Records drawn from a dataset
+ + + + +

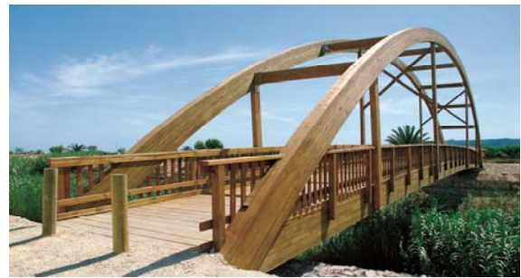
Pasarela en el Meandro de Jacarilla
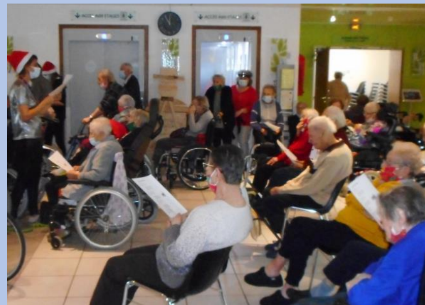
Repas au son de l'accordéon et après-midi musical
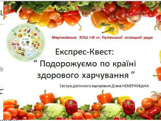
Мартинівська ЗОШ І-ІІІ ст. Пулинської селищної ради

АВТОР: НАТАЛІЯ ГАВРИЛЕНКО / ДАТА: 22.04.2021 / КАТЕГОРІЇ: БЕЗПЕКА ЖИТТЄДІЯЛЬНОСТІ ЗДОБУВАЧІВ ОСВІТИ, НОВИНИ, НОВИНОГОЛОШЕННЯ
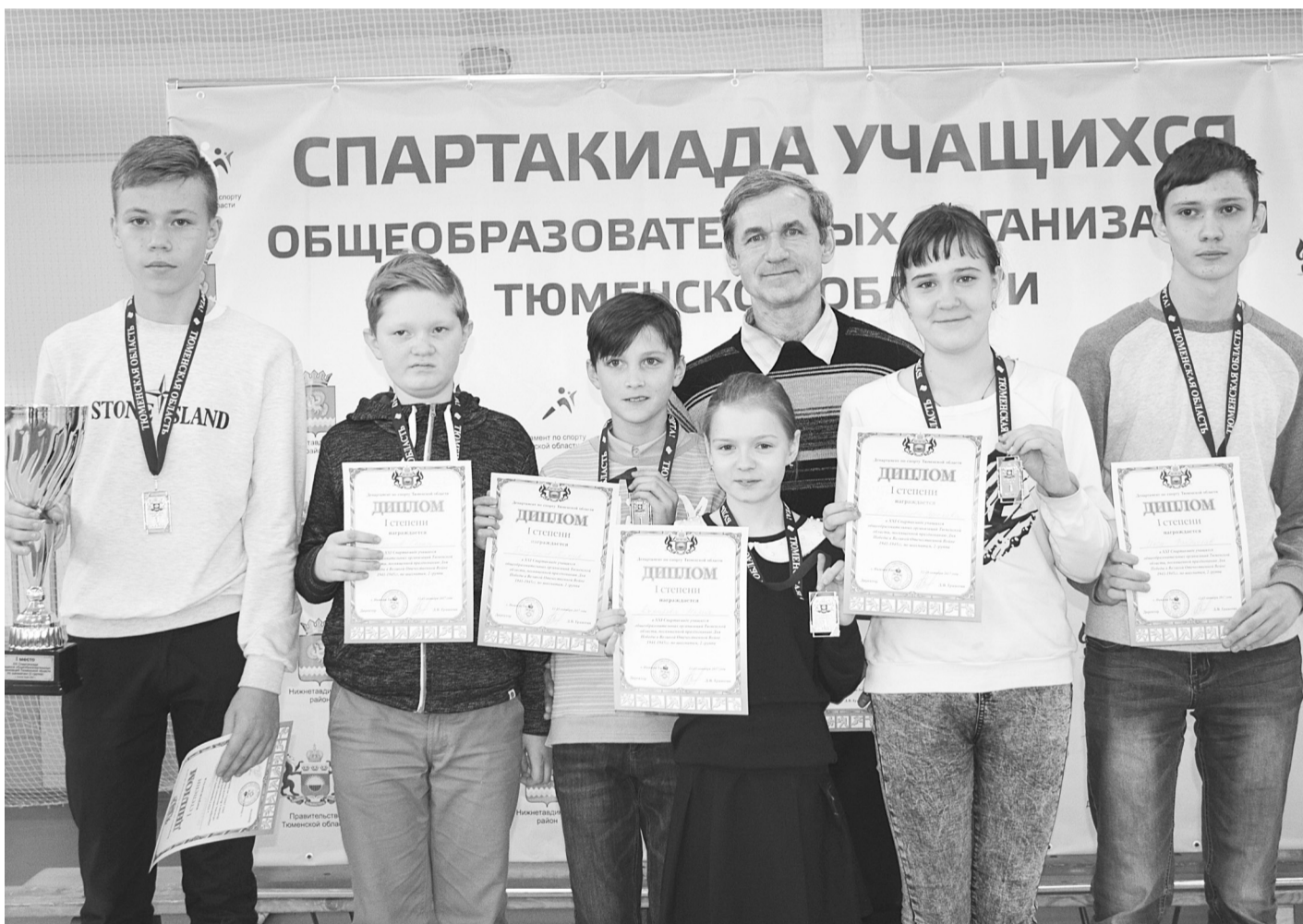
Сборная команда Нижнетавдинского района на первой ступени пьедестала.
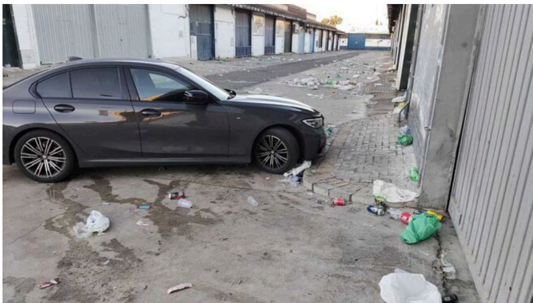
Estado habitual de una de las calles del polígono Navisa.

Los propietarios del polígono industrial Navisa se encuentran indignados ante la "difícil situación" que afrontan debido a la suciedad y el vandalismo. Desde hace años, la botellona es uno de los problemas que sufren en este importante centro económico y de empleo de la ciudad, según aseguró la Asociación de Parques Empresariales de Sevilla en una nota de prensa.
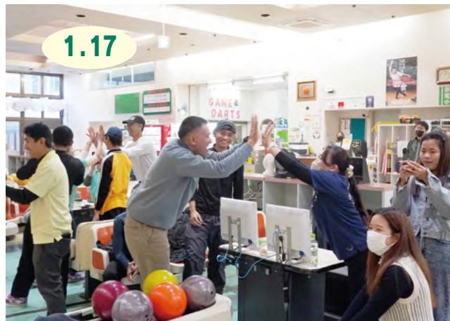
↑外は寒かったですが、会場は、熱気や歓声、笑顔などであふれ、ハートウォーミングな雰囲気に包まれていました

Awesome: 英語で『素晴らしい』『最高』『すごい』の意味 伊万里スターボウルで、市内在住の外国人に、スポーツを通じて交流し、友好を深めてもらおうと新春ボウリング大会が行われました。これは、市が、市国際交流協会に委託している地域日本語教室『オーサム・イマリ』の活動の一環として開かれたもので、約70人が参加しました。参加者たちは、ストライクやスペアを取るとハイタッチをして喜び合ったりするなど、心ゆくまでプレーを楽しんでいました。

+ + + + +

Your answer should be the lines above, word for word, from the line with "АВТОР: НАТАЛІЯ ГАВРИЛЕНКО" through the line with "Los propietarios del", minus the pictures.

АВТОР: НАТАЛІЯ ГАВРИЛЕНКО / ДАТА: 22.04.2021 / КАТЕГОРІЇ: БЕЗПЕКА ЖИТТЄДІЯЛЬНОСТІ ЗДОБУВАЧІВ ОСВІТИ, НОВИНИ, НОВИНОГОЛОШЕННЯ
Сборная команда Нижнетавдинского района на первой ступени пьедестала.
Estado habitual de una de las calles del polígono Navisa.

Los propietarios del polígono industrial Navisa se encuentran indignados ante la "difícil situación" que afrontan debido a la suciedad y el vandalismo. Desde hace años, la botellona es uno de los problemas que sufren en este importante centro económico y de empleo de la ciudad, según aseguró la Asociación de Parques Empresariales de Sevilla en una nota de prensa.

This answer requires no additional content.